» **How to complete this task**:
Leave out every picture, and restate word for word only the lines from the one containing "La sospensione MONTEFINO" through the end of the material.

» **Material provided**:
● ● ● ● ● ● ●

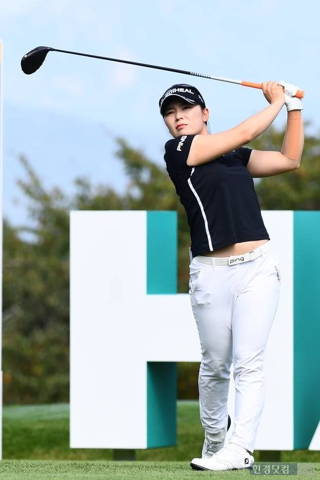 KLPGA(한국여자프로골프)투어 '하나금융그룹 챔피언십'(총상금 15억 원) 1라운드 경기가 30일 경기도 포천시 경기도 포천 아도니스 컨트리클럽(파71·6480야드)에서 열렸다. 대회에 출전한 이다연이 1번 홀에서 티샷하고 있다.
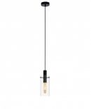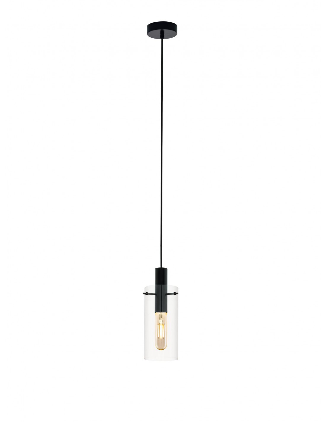 La sospensione MONTEFINO del brand EGLO presenta una struttura in metallo finitura nero e un diffusore cilindrico in vetro trasparente.
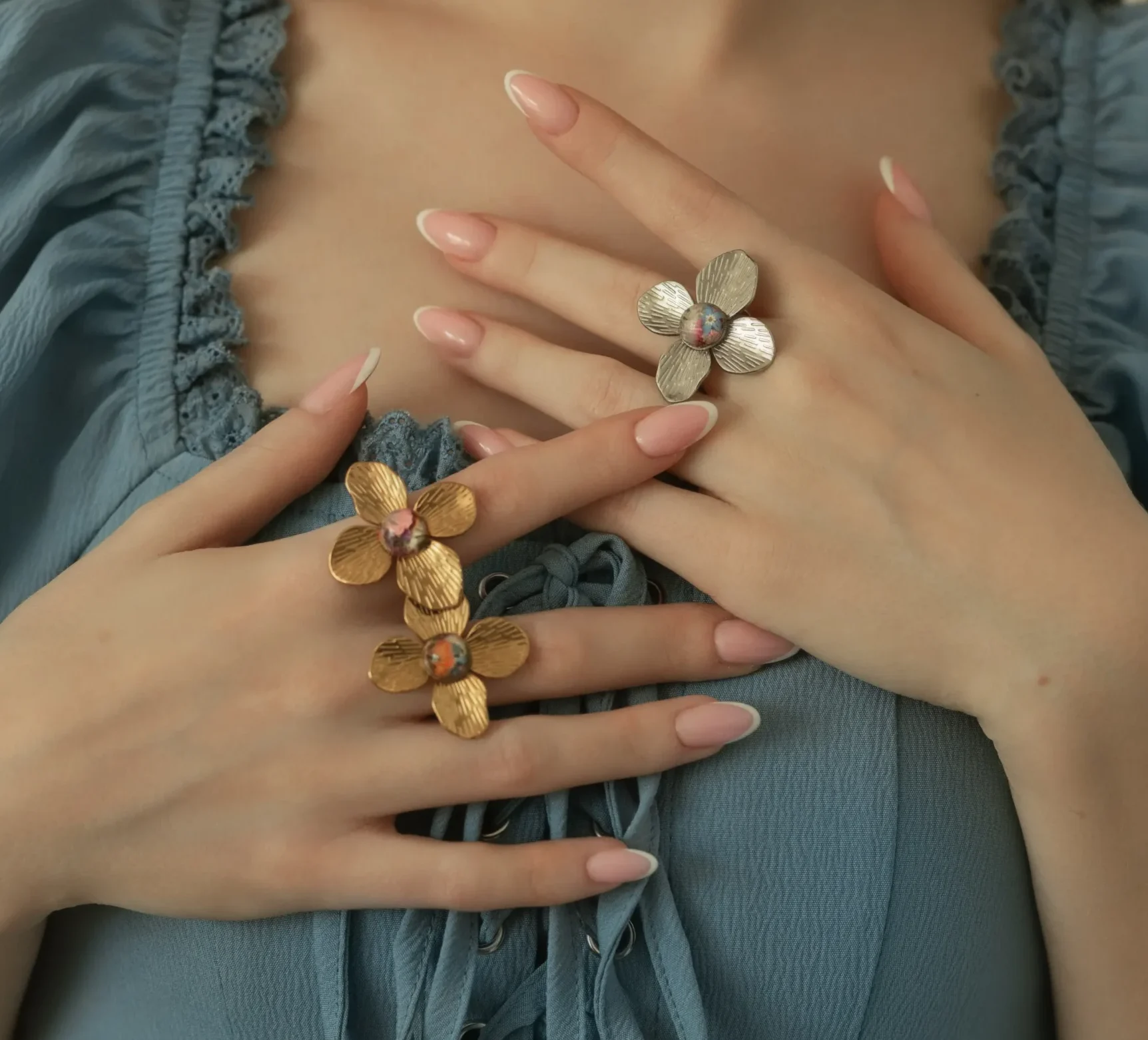 Duże pierścionki w kształcie kwiatów, oprawione stalą chirurgiczną.

● ● ● ● ● ● ●

» **Output for this exercise**:
 La sospensione MONTEFINO del brand EGLO presenta una struttura in metallo finitura nero e un diffusore cilindrico in vetro trasparente.
 Duże pierścionki w kształcie kwiatów, oprawione stalą chirurgiczną.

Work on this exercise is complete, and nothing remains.